Editorial | Published:

Cheating physics

Nature Photonics volume 4, page 19 (2010) | Download Citation

As computer chips get faster and feature sizes on integrated circuits get smaller, scientists and engineers must get smarter. Every chip generation requires advances in photolithography technology to manufacture the latest integrated circuits. Predictions are repeatedly made regarding the minimum feature size that lithography technologies can be pushed to produce — and every time these predictions are surpassed using clever new techniques. After 193 nm lithography came 193 nm immersion lithography, and after that came double-patterning.

Every new generation pushes the limits of lithography, but these advances are more like leaps than steps. The semiconductor industry is putting all its weight behind extreme ultraviolet (EUV) lithography — a lithography technology unlike any other. Indeed, it's the most challenging lithography technology ever developed, according to John Warlaumont, vice president of advanced technologies at SEMATECH, a global consortium of semiconductor manufacturers (see page 30). The fact that EUV is absorbed by all matter, including air, is one reason why this technology is so challenging. The other is that lenses can't operate in the EUV; instead, specially designed mirrors must be used to manipulate the EUV beam. There is also the challenge of constructing reliable and powerful sources of EUV light, and scientists and engineers are making significant progress. Many of the elements needed for EUV have already been developed, and the industry is optimistic that a stable source should be available by 2012 (see page 24).

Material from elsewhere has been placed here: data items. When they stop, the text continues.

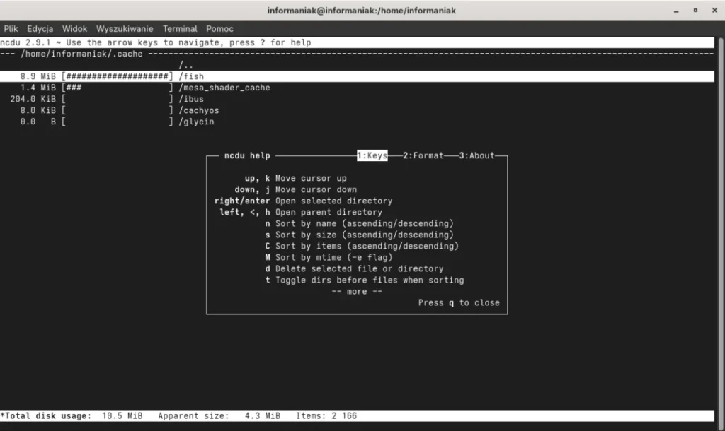 dnf install ncdu #Fedora, CentOS, Rocky LinuxPo instalacji możliwe jest użycie programu z linii poleceń
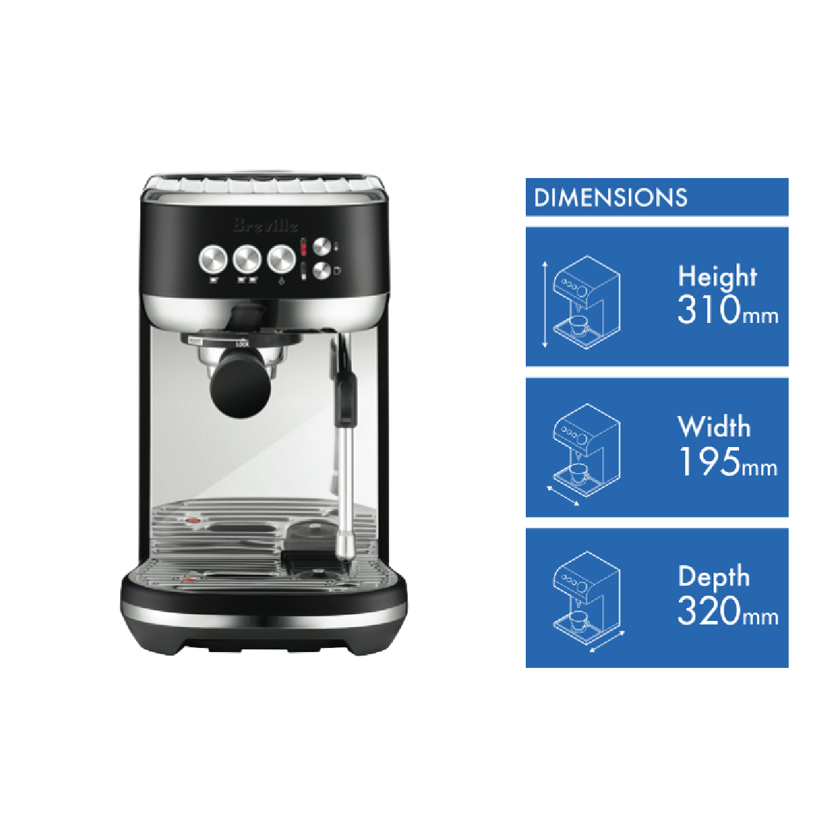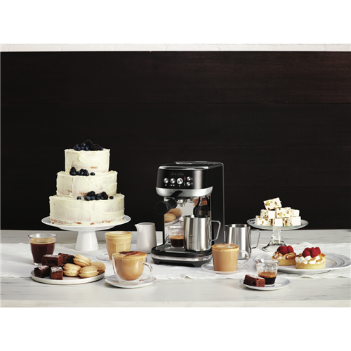 Start your day the right way with barista quality coffee that's quick and easy to make thanks to this compact Breville Bambino Plus BES500BTR4JAN1 espresso machine. In just three seconds the innovative ThermoJet heating system reaches the perfect temperature needed for precise espresso extraction while an automatic steam wand gives you control over the milk temperature and texture so you can re-create delicious microfoam just like at your local cafe. The Breville BES500BTR4JAN1 has a 54mm porta-filter that precisely holds 19 grams of ground coffee for a full-bodied balanced espresso and a well-designed low-pressure pre-infusion that draws out flavours evenly during the extraction phase for a delicious-tasting cup of coffee. Use freshly ground coffee from your local cafe or roaster or you can grind your own roasted beans using a coffee grinder (sold separately). This Breville coffee machine features a stunning matte black design with chrome detailing to bring an air of sophistication and style to coffee-making time. Get creative with your latte art and enjoy cafe quality cappuccinos and more with Breville's Bambino Plus espresso machine.
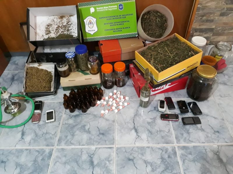 Los uniformados también encontraron nueve teléfonos celulares y casi treinta frascos con aceite de cannabis, los cuales eran comercializados por 2800 pesos.
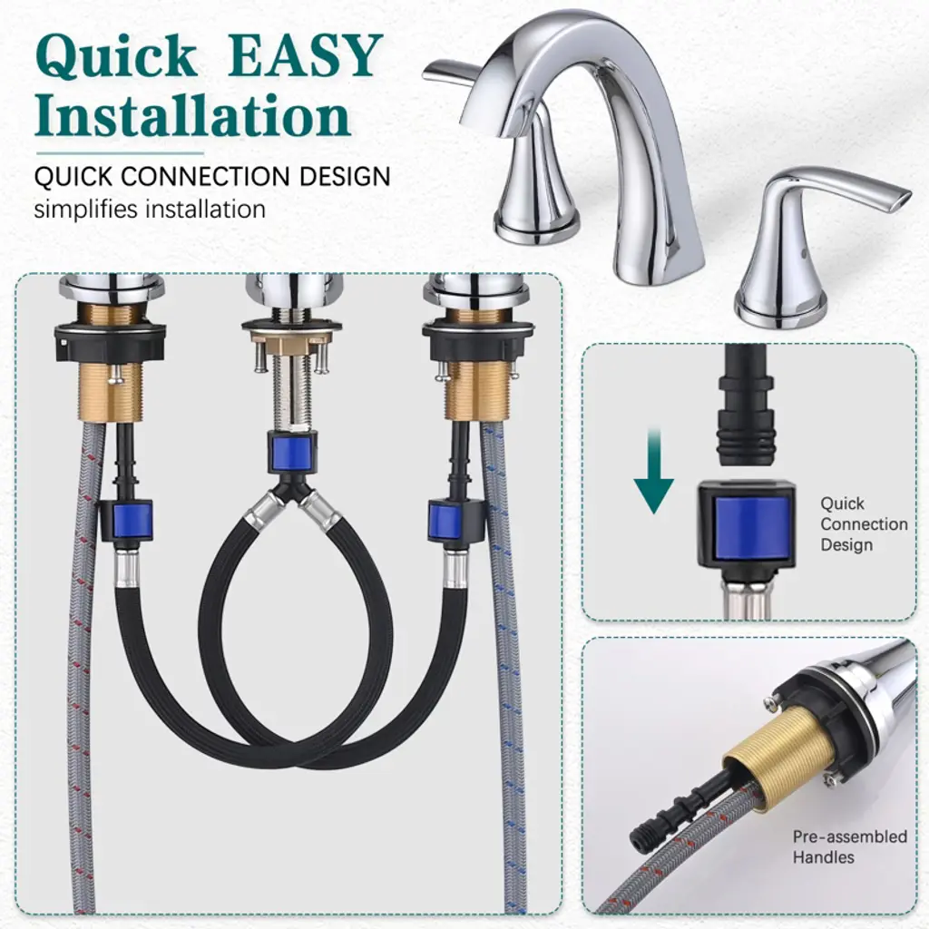 The PROOX Widespread Bath Faucet boasts a versatile transitional design that perfectly complements any bathroom decor. The sink faucet is equipped with a pop-up drain that can be effortlessly installed in just 3 simple steps, taking only minutes to complete. Furthermore, the faucet's ceramic disc valves offer impeccable handle operation performance.
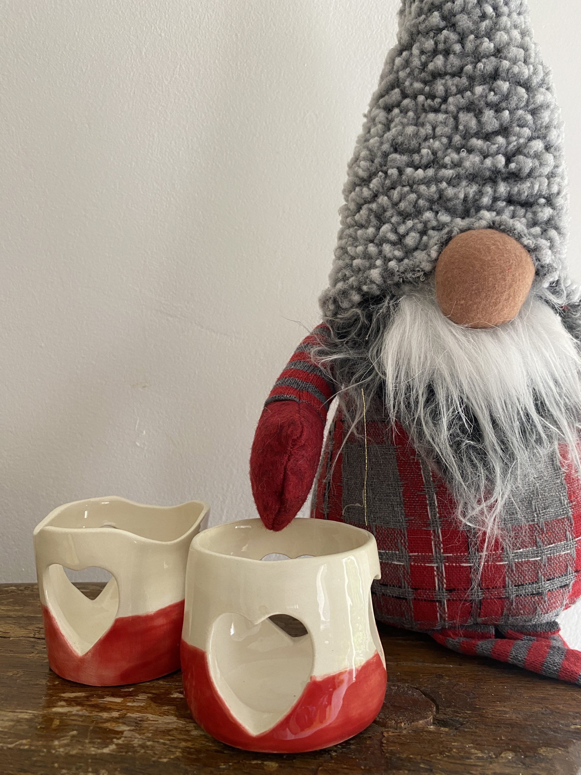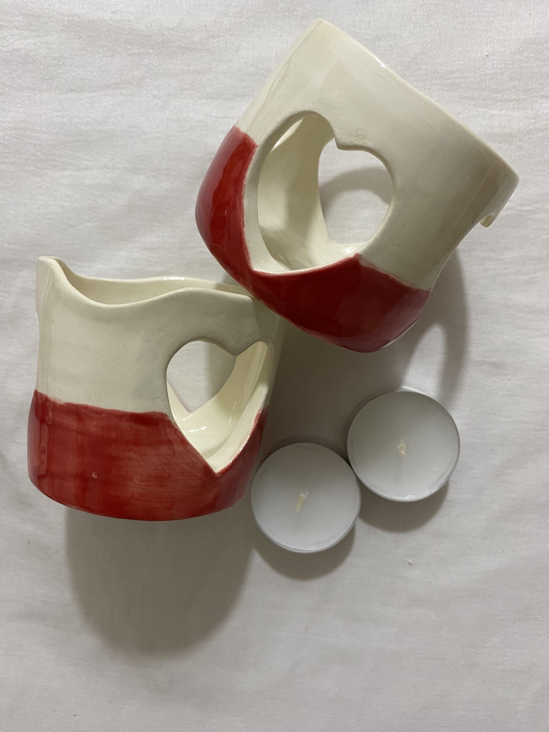 | Bougeoir Coeur | Faïence blanche et émail rouge |
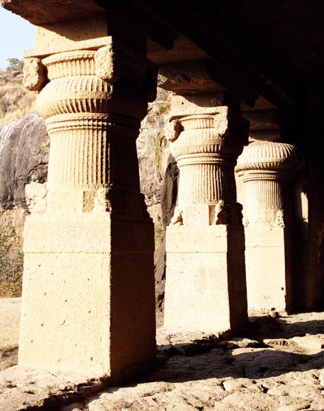 Cave 32 is known as the Indra Sabha cave and is the most famous of the Jaina caves. A small group of tourists was just entering it, so we went to Cave 34 first, which was deserted. There was a staircase just off the entrance hall and I climbed up it almost absent-mindedly, leaving Amit in the depths of 34. The stairs led, to my surprise, up to unseen halls and staircases I had not suspected, and thence, after a short passage brought me to the top storey of Cave 32. These pillared halls were breathtakingly beautiful, softly carved and glowing softly like warm gold in the late afternoon sunlight. There was a sense of peace and quietude here that was not to be found in the crowds milling around Kailasha or any of the more central caves. At last we walked back down the tarred road, towards the Brahminical caves. Cave 29 was a short diversion away, but we wanted to be back at Kailasha and adjacent caves to take advantage of the burnishing light of sunset to get a few good pictures, so we skipped this for the moment, intending to come back to it the next day. I did take a short detour to caves 20-27, to see whether they were worth coming back to and also to investigate the possibility of taking a shortcut over the hill to cave 29. It looked difficult: the path from 27 to 29 was around a curving cliff face with an exceedingly narrow track that looked a bit tricky for a mountain goat and pretty well impossible for big, clumsy-footed me. This path would pass behind a waterfall in the rainy season, which might be slippery and exciting, but right now it was slippery and dry.
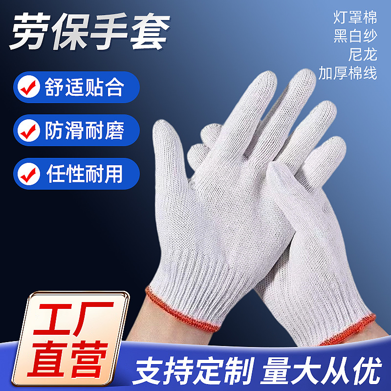 劳保手套白棉线手套耐脏修车工地加厚防滑透气耐磨手套线手套批发
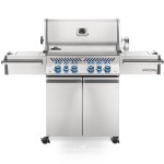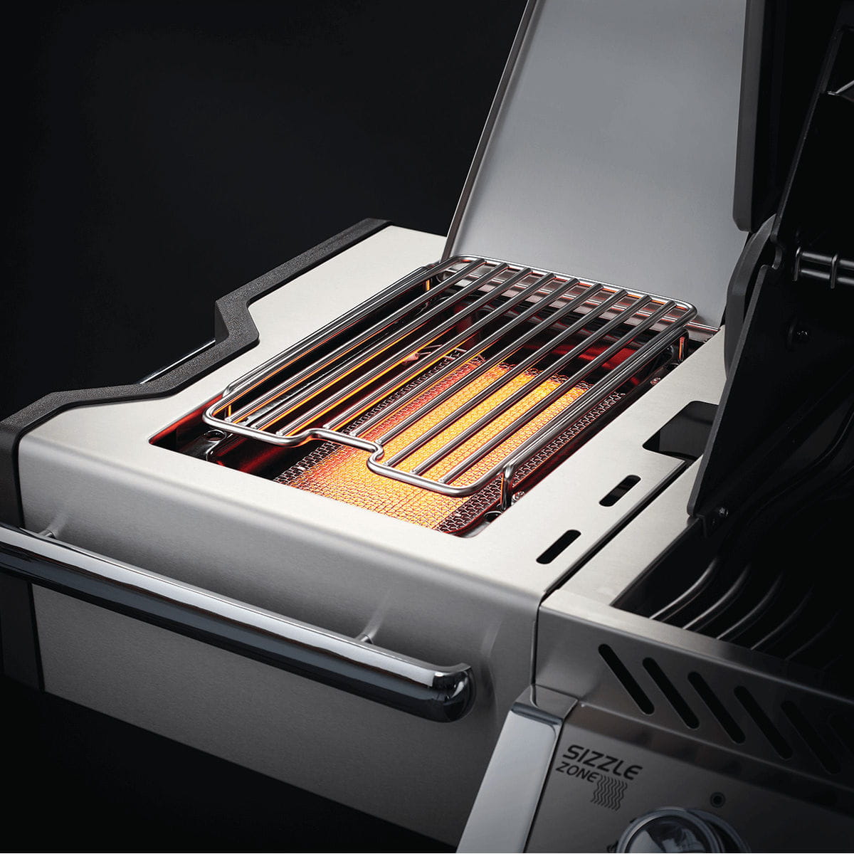 Dzięki intensywnemu ciepłu technologii podczerwieni Napoleona mięso zostanie natychmiast wyciągnięte i nie straci soczystości W tym modelu jest to boczny ceramiczny palnik na podczerwień po lewej stronie z solidnym rusztem ze stali nierdzewnej, a wewnątrz grilla na tylnej ścianie znajduje się rurowy palnik na podczerwień ze stali nierdzewnej do grillowania. |
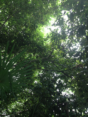 テラス席に座ったのだけど、上を見上るとこんな感じ。きもちいい!

At the same time, various maskless lithography technologies are gaining acclaim. Although they may not have the huge industry backing of EUV developers and large chipmakers, they are each overcoming their own challenges and addressing smaller markets. For example, nano-imprint lithography has come out of the lab and is being used for photonic applications (see page 27), and table-top lithography systems are finding fascinating applications in biotechnology (see page 22).

The big question is where to go after EUV, when feature sizes start to approach the atomic scale.